In smart manufacturing, autonomous mobile robots play an indispensable role in conducting inspection and material handling operations, yet they face significant limitations regarding adaptability and resilience within unstructured environments. Vision and language navigation (VLN), a human-guided navigation paradigm, emerges as a compelling solution to these challenges. Nevertheless, VLN’s practical implementation is constrained by limited task generalization capabilities, inadequate response to diverse linguistic commands, and insufficient consideration of sensor-induced noise in environmental perception. This research addresses these limitations by introducing an innovative vision-language model (VLM)-based human-guided mobile robot navigation approach in an unstructured environment for human-centric smart manufacturing (HSM). This approach encompasses robust Three-dimensional (3D) scene reconstruction through advanced point cloud techniques, zero-shot semantic segmentation via a VLM, and natural language processing through a large language model (LLM) to interpret instructions and generate control code for navigation. The system’s efficacy is validated through extensive experiments in an unstructured manufacturing setup.

查看原文本刊更多论文

面向以人为中心的智能制造的非结构化环境下基于视觉语言模型的人引导移动机器人导航

在智能制造中，自主移动机器人在进行检查和物料搬运操作中发挥着不可或缺的作用，但它们在非结构化环境中的适应性和弹性方面面临着重大限制。视觉和语言导航（VLN）作为一种人类引导的导航范式，成为应对这些挑战的一个令人信服的解决方案。然而，VLN的实际实施受到任务泛化能力有限、对多种语言命令的响应不足以及在环境感知中没有充分考虑传感器引起的噪声的限制。本研究通过在以人为中心的智能制造（HSM）的非结构化环境中引入一种创新的基于视觉语言模型（VLM）的人类引导移动机器人导航方法来解决这些限制。这种方法包括通过先进的点云技术进行强大的三维（3D）场景重建，通过VLM进行零镜头语义分割，以及通过大型语言模型（LLM）进行自然语言处理，以解释指令并生成导航控制代码。该系统的有效性通过非结构化制造装置的大量实验得到验证。

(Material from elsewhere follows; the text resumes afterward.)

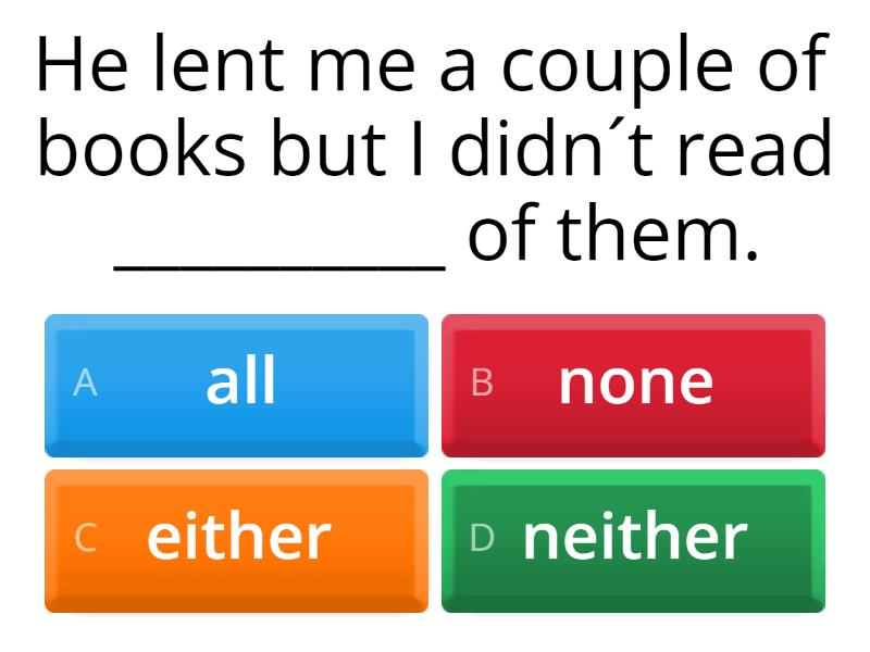 1) He lent me a couple of books but I didn´t read __________ of them. a) all b) none c) either d) neither 2) There are a few shops in my town, but ________ of them sell food. a) none b) all c) neither d) either e) both 3) ___________ Peter and John came to the party, even though I didn´t invite either of them. a) Neither b) Either c) None d) Both 4) ______ fish live in water. a) none b) both c) either d) neither e) all 5) Nazli has two children. ____________ are married. a) Both b) All c) None d) Either e) Neither 6) _______ Sohailah and Raghad are smart. a) Neither b) Both c) Either d) All e) None f) Not only 7) I don't play ________ football or cricket. a) neither b) both c) either d) all e) none f) not only 8) I play ________ football nor cricket. a) neither b) both c) either d) all e) none f) not only 9) He’s both tall ______ handsome. a) and b) or c) nor d) but also 10) I’m ______ happy and confused at the same time! a) both b) or c) nor d) not only e) neither f) either 11) Neither John ______ Fred likes doing the dishes. a) and b) or c) not only d) but also e) nor 12) They’ll be here either on Monday _______ on Tuesday. a) and b) or c) not only d) but also e) nor 13) ____________Carla or her sisters is/are going to be there at your arrival.  a) Either b) Or c) Not only d) but also e) Neither f) Both 14) That tennis game was very close. ___________ player had a clear advantage. a) All b) None c) Both d) Either e) Neither 15) _______ parent knew about the accident. a) All b) None c) Both d) Not only e) Neither 16) _________ our cars has enough petrol so we have to take the bus. a) All b) All of c) Both d) Neither e) Neither of f) Both of 17) Neither of them_______ married. a) is b) are c) were d) have been 18) I have _______ time nor money. a) either b) both c) neither d) all e) none f) not only 19) I don’t have __________ time or money. a) either b) both c) neither d) all e) none f) not only 20) Either you or John _______to finish the report before 5pm. a) have b) has c) want d) are willing e) don't have 21) ____________them passed the exam. a) Neither b) Both of c) Both d) Either e) None f) All 22) Either candidate ____________ a good option. a) are b) were c) have been d) is e) occupy f) offer 23) Neither candidate ____________ a good option. a) are b) were c) have been d) is e) occupy f) offer 24) I don’t have ________ the patience nor the time to wait here all morning. a) either b) both c) all d) neither e) none f) not only 25) ‘How many friends do you have?’ ‘___________.’ a) Both b) All c) Neither d) Either e) Not only f) None 26) Raghad has got three cats. They are_______white with green eyes. a) both b) all c) none d) either e) neiter 27) All of my friends have already made plans, so_____of them can hang out with me. a) both b) all c) none d) either e) neiter 28) A: Which pair of shoes would you choose? B: _______. They’re ________awful. a) Neither/ both b) Both/ neither c) Bothe/ either d) All/ neither e) Both/ none f) Either/ neither 29) _______Angela and Edna had the soup of the day, but _______ of them liked it. a) All………either b) All……..neither c) Both……either d) Both……neither e) Not only.....also 30) We’ve got two coffee machines but ____of them works properly. We need to buy a new one. a) both b) all c) neither d) none e) either 31) I watched two films this weekend. I didn’t like _________of them though. a) either b) neitehr c) both d) all e) none 32) _________ Abedul Wareth and I want to go out, but _____of us has got money, so, we’re staying at home. a) Neither/ both b) Either/ neither c) Both/ either d) Both/ neither e) All/ none f) Both/ none 33) There were over ten boys, and __________ them were eating sunflower seeds. They loved them. a) all b) none of c) both of d) neither of e) either of f) all of 34) They showed me five strings of pearls, but I didn't like __________ them. a) both b) either c) neither d) none e) all 35) ________ of the supermarkets was open. a) All b) Both c) Neither 36) I'll take _________ three shirts, please. a) all b) none c) both d) either e) neither f) not only 37) _________ us can come tomorrow a) All b) None c) Both d) Either e) Neither f) All of 38) All children __________ love. a) needs b) need c) has asked for d) is waiting for 39) _____________ my parents are dead. a) All of b) None c) Either of d) Neither of e) Both of f) Neither 40) Come on Sunday or Monday. Either day _______ OK. a) is b) are c) seem 41) A: 'Would you like tea or coffee?'  B: 'I don't mind. ______.' a) All b) None c) Neither d) Either 42) I don't speak _______ French or German. a) neither b) all c) none d) either e) not only 43) A: Can you come on Monday or Tuesday? B: I'm afraid __________ day is possible. a) all b) none c) both d) either e) neither 44) The film was neither well made _____ well acted. a) or b) and c) nor d) but also 45) We go there not only in winter, __________ in summer. a) and b) or c) nor d) but also 46) She not _______ plays the piano, but also the violin. a) only b) either c) neither d) or 47) Unfortunately, ________ of the cures works. a) all b) both c) none d) either

本文章由计算机程序翻译，如有差异，请以英文原文为准。

求助全文

约1分钟内获得全文求助全文

来源期刊

Engineering Environmental Science-Environmental Engineering

自引率

1.60%

发文量

335

审稿时长

35 days

期刊介绍： Engineering, an international open-access journal initiated by the Chinese Academy of Engineering (CAE) in 2015, serves as a distinguished platform for disseminating cutting-edge advancements in engineering R&D, sharing major research outputs, and highlighting key achievements worldwide. The journal's objectives encompass reporting progress in engineering science, fostering discussions on hot topics, addressing areas of interest, challenges, and prospects in engineering development, while considering human and environmental well-being and ethics in engineering. It aims to inspire breakthroughs and innovations with profound economic and social significance, propelling them to advanced international standards and transforming them into a new productive force. Ultimately, this endeavor seeks to bring about positive changes globally, benefit humanity, and shape a new future.